Imagine the Chicago Skyline building. Now imagine it’s almost 2 miles (3km) under the ice. That is the view of Earth at the coldest point of the last Ice Age.
Given the recent geological history of the Earth, this would not be an unusual sight. Over the past 2.6 million years (aka the Quaternary Period ), the planet has experienced more than 50 ice ages, with interspersed periods of interwar warming.
But what causes ice sheets and glaciers to periodically grow? Ice ages were driven by a complex, interconnected set of factors related to Earth’s position in the solar system and more local influences, like CO2 levels in the atmosphere. Scientists are still trying to understand how this system works, especially as human-caused climate change may have broken this cycle forever.
Ice ages are driven by a complex set of factors.
It wasn’t until a few centuries ago that scientists began to recognize evidence of a frozen past . In the mid-19th century, Swiss-American naturalist Louis Agassiz documented the marks that glaciers left on Earth, such as out-of-place rocks and broken plates. giants, called morass , which he suspected were ancient glaciers that swept them away and pushed them away.
In the late 19th century, scientists named four ice ages that occurred during the Pleistocene Epoch, which lasted from about 2.6 million years ago until about 11,700 years ago.
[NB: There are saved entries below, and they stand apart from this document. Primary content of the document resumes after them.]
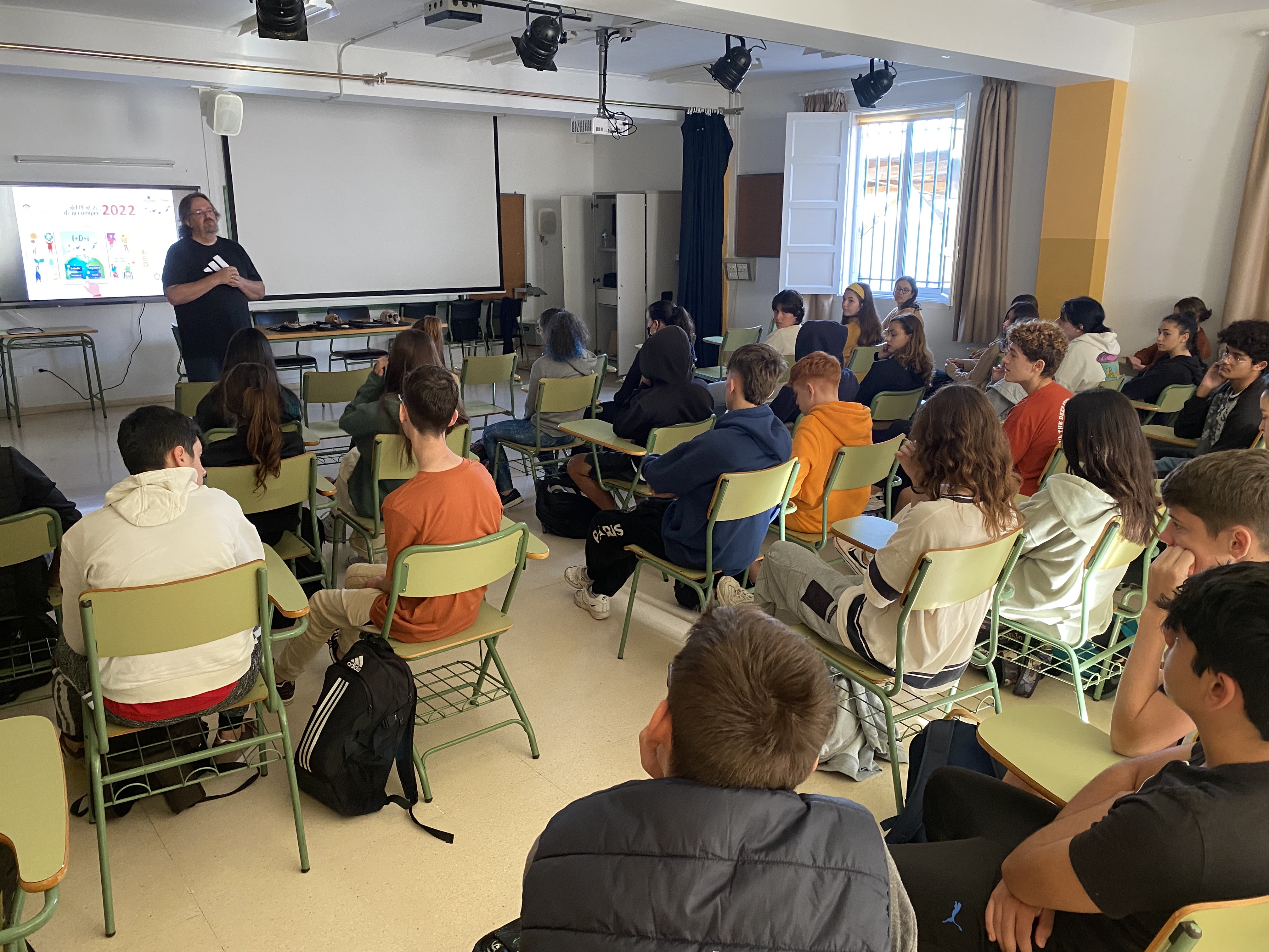 IES Santa Úrsula 05 (Mercedes Suárez).jpg Download Attendees at the talk "The history of the Universe in 24 hours" at IES Santa Úrsula. Credit: Mercedes Suárez Created at 11/18/2022 Category Events and activities
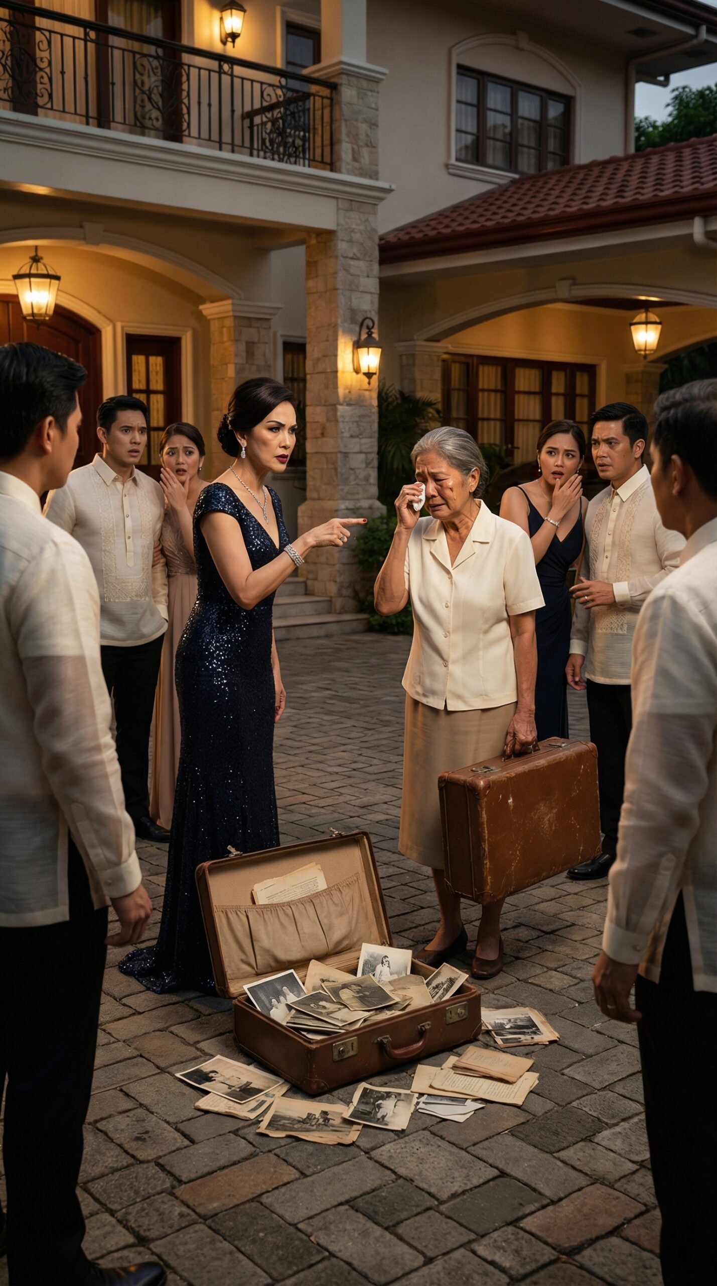 Isang babaeng tila walang puwang sa karangyaan ng gabing iyon ang malamig na pinaikot sa likod ng mansyon ng isang matapobreng social climber dahil lamang sa dala niyang luma at mukhang walang halagang maleta, habang ang mga bisitang nakasaksi ay unti-unting napuno ng panghuhusga at naniwalang isa lamang siyang kahihiyang dapat ilayo sa mamahaling pagtitipon, ngunit walang sinuman ang naghinalang ang lumang maletang iyon ay may kinikimkim na katotohanang sapat upang wasakin ang mga ngiti, yabang, at mga kasinungalingang maingat na itinayo sa loob ng marangyang bahay na iyon—at nang tuluyang buksan ito sa harap ng lahat, biglang nag-iba ang ihip ng gabi, nanlaki ang mga mata ng mga bisita, at ang babaeng kanina’y itinuring na walang halaga ay naging sentro ng isang rebelasyong sumabog at nagpayanig sa buong mansyon.
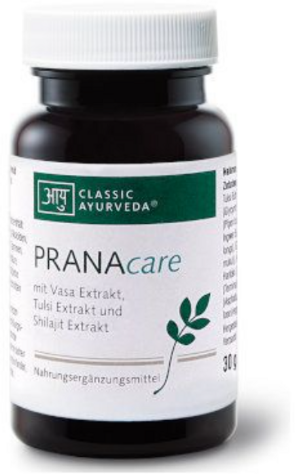 Les gélules PRANAcare de Classic Ayurveda contiennent une composition d'extraits de plantes de haute qualité et d'épices traditionnelles. La recette est basée sur le vasa et le tulsi, combinés à la réglisse, au curcuma et au guggulu. Le mélange est complété par du shilajit ainsi que par les composants du triphala amla, haritaki et bibhitaki et les épices trikatu pippali, poivre noir et gingembre.

However, it was not until decades later that researchers realized that these cold periods were much more regular.
A major breakthrough in understanding the ice age cycle came in the 1940s, when Serbian astrophysicist Milutin Milankovitch proposed the so-called Milankovitch cycle , a study of the Earth’s motion are still used to explain climate change today.
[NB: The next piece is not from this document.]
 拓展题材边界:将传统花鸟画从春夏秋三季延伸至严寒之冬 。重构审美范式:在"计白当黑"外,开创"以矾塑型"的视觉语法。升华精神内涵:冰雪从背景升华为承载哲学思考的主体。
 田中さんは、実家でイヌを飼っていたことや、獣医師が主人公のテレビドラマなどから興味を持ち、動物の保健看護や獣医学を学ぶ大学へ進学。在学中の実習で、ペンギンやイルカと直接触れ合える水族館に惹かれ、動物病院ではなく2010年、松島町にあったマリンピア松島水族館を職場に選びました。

Mark Maslin, professor of paleontology at University College London, says Milankovitch has outlined three main pathways through which the Earth’s orbit changes relative to the sun. These factors determine the amount of solar radiation (in other words, heat) reaching the planet.
Milankovitch determined that the orbital conditions that produce cool summers are particularly important precursors to ice ages. “There will always be ice in winter,” Maslin said. “To build an ice age, some of the ice has to last through the summer.”
But, to transition to the ice age, orbital phenomena alone are not enough. The real cause of an ice age is the underlying response of the climate system . Scientists are still debating how different environmental factors affect the freezing and melting of ice, but recent research suggests that levels of greenhouse gases in the atmosphere play a role. important.
For example, scientists at the Potsdam Institute for Climate Impact Research (PIK) in Germany have shown that the triggers of previous ice ages were triggered mainly by a dramatic reduction in CO2 in the atmosphere. It is the rapid increase in atmospheric CO2 caused by emissions from human activities that will likely prevent the onset of the next ice age within the next 100,000 years.
“Unlike any other force on the planet, the ice age has shaped the global environment and has since determined the development of human civilization,” said Hans Joachim Schellnhuber, then director of PIK. and co-author of one of the studies, said in a statement in 2016. “For example, we get the fertile soils and landscapes we are today because of the last ice age, The ice age left us rivers, glaciers, bays and lakes, but today it is humanity with fossil fuel emissions that will determine future development. future of the planet”.